You probably have heard about panic attacks, but maybe it’s not quite clear to you what it means to have a panic attack and what it looks like. Or maybe you have experienced one and you would like to know what to do if it were to happen again.
In this fifth instalment of the #mentalhealthawarenessweek series, we are going to look at what the experience of a panic attack might look and feel like and what the best things to do are.
This post has been requested by a dear friend of mine and all the information is from the Mind website.
What is a panic attack?
“Panic attacks are a type of fear response. They’re an exaggeration of your body’s normal response to stress, danger or excitement” (source)
“A sudden overwhelming feeling of acute and disabling anxiety” (source)

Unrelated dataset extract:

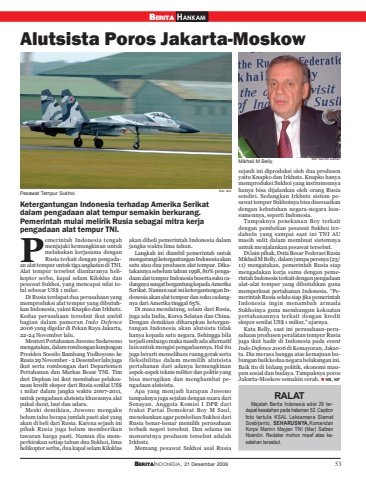 BERITAINDONESIA, 21 Desember 2006 53BERITA HANKAMAlutsista Poros Jakarta-MoskowRALATMajalah Berita Indonesia edisi 26 terdapat kesalahan pada halaman 52. Captionfoto tertulis KSAL Laksamana SlametSoebijanto, SEHARUSNYA,KomandanKorps Marinir Mayjen TNI (Mar) SafzenNoerdin. Redaksi mohon maaf atas kesalahan tersebut.Ketergantungan Indonesia terhadap Amerika Serikatdalam pengadaan alat tempur semakin berkurang.Pemerintah mulai melirik Rusia sebagai mitra kerjapengadaan alat tempur TNI.emerintah Indonesia tengahmenjajaki kemungkinan untukmelakukan kerjasama denganRusia terkait dengan pengadaan alat tempur untuk tiga angkatan di TNI.Alat tempur tersebut diantaranya helikopter serbu, kapal selam Kiloklas danpesawat Sukhoi, yang mencapai nilai total sebesar US$ 1 milar.Di Rusia terdapat dua perusahaan yangmemproduksi alat tempur yang dibutuhkan Indonesia, yakni Knapko dan Irkhutz.Kedua perusahaan tersebut ikut ambilbagian dalam pameran Indo Defence2006 yang digelar di Pekan Raya Jakarta,22-24 November lalu.Menteri Pertahanan Juwono Sudarsonomengatakan, dalam rombongan kunjunganPresiden Soesilo Bambang Yudhoyono keRusia 29 November - 2 Desember lalu jugaikut serta rombongan dari DepartemenPertahanan dan Markas Besar TNI. Timdari Dephan ini ikut membahas pelaksanaan kredit ekspor dari Rusia senilai US$1 milar dalam jangka waktu 2007-2011,untuk pengadaan alutsista khususnya alatpukul darat, laut dan udara.Meski demikian, Juwono mengakubelum tahu berapa jumlah pasti alat yangakan di beli dari Rusia. Karena sejauh inipihak Rusia juga belum memberikantawaran harga pasti. Namun dia memperkirakan setiap tahun dua Sukhoi, limahelikopter serbu, dua kapal selam Kiloklasakan dibeli pemerintah Indonesia dalamjangka waktu lima tahun.Langkah ini diambil pemerintah untukmengurangi ketergantungan Indonesia akansatu atau dua produsen alat tempur. Dikatakannya sebelum tahun 1998, 80% pengadaan alat tempur Indonesia beserta suku cadangnya sangat bergantung kepada AmerikaSerikat. Namun saat ini ketergantungan Indonesia akan alat tempur dan suku cadangnya dari Amerika tinggal 65%.Di masa mendatang, selain dari Rusia,juga ada India, Korea Selatan dan China.Dengan demikian diharapkan ketergantungan Indonesia akan alutsista tidakhanya kepada satu negara. Sehingga bilaterjadi embargo maka masih ada alternatiflain untuk mengisi pengadaannya. Hal itujuga berarti memelihara ruang gerak sertafleksibilitas dalam memilih alutsistapertahanan dari adanya kemungkinanaspek-aspek teknis militer dan politis yangbisa merugikan dan menghambat pengadaan alutsista.Apa yang menjadi harapan Juwonotampaknya juga sejalan dengan suara dariSenayan. Anggota Komisi I DPR darifraksi Partai Demokrat Boy M Saul,menekankan agar pembelian Sukhoi dariRusia benar-benar memilih perusahaanterbaik negeri tersebut. Dan selama inimenurutnya produsen tersebut adalahIrkhutz.Memang pesawat Sukhoi asal Rusiasejauh ini diproduksi oleh dua produsenyaitu Knapko dan Irkhutz. Knapko hanyamemproduksi Sukhoi yang instrumennyahanya bisa dijalankan oleh orang Rusiasendiri. Sedangkan Irkhutz sistem pesawat tempur Sukhoinya bisa disesuaikandengan kebutuhan negara-negara konsumennya, seperti Indonesia.Tampaknya penekanan Boy terkaitdengan pembelian pesawat Sukhoi terdahulu yang sampai saat ini TNI AUmasih sulit dalam membuat sistemnyauntuk menjalankan pesawat tersebut.Di lain pihak, Duta Besar Federasi RusiaMikhail M Belly, dalam jumpa persnya (23/11) mengatakan, pemerintah Rusia siapmengadakan kerja sama dengan pemerintah Indonesia terkait dengan pengadaanalat-alat tempur yang dibutuhkan gunamemperkuat pertahanan Indonesia. “Pemerintah Rusia selalu siap jika pemerintahIndonesia ingin menambah armadaSukhoinya guna membangun kekuatanpertahanannya terkait dengan kreditekspor senilai US$ 1 miliar,” ujarnya.Kata Belly, saat ini perusahaan-perusahaan produsen peralatan tempur Rusiajuga ikut hadir di Indonesia pada eventIndo Defence 2006 di Kemayoran, Jakarta. Dia merasa bangga atas kemajuan hubungan baik kedua negara belakangan ini.Baik itu di bidang politik, ekonomi maupun sosial dan budaya. Tampaknya porosJakarta-Moskow semakin cerah. SB, SPPPesawat Tempur SukhoiMikhail M Belly. foto: berindo subhanfoto: dok

“A panic attack is when your body experiences a rush of intense mental and physical symptoms” (source)
To put it all together, a panic attack is an intense and exaggerated response to stress or danger which can feel quite disabling and overwhelming.
What does it feel like?
Sometimes it can be tricky to recognise a panic attack, especially if you’ve never experienced one yourself.
Here are some of the possible feelings and sensations associated with panic attacks:
- a pounding or racing heartbeat
- feeling faint, dizzy or light-headed
- feeling very hot or very cold
- sweating, trembling or shaking
- nausea (feeling sick)
- pain in your chest or abdomen
- struggling to breathe or feeling like you’re choking
- feeling like your legs are shaky or are turning to jelly
- feeling disconnected from your mind, body or surroundings
You might also feel afraid of:
- losing control
- having a heart attack
How often does it happen?
There is no rule. Some people only ever have one panic attack in their life and might never experience one again. Other people might have panic attacks at regular intervals of days, weeks or months. Other people still experience a few in a short period of time and then stop. And lastly, some people might experience panic attacks when in certain places, situations or when doing certain activities.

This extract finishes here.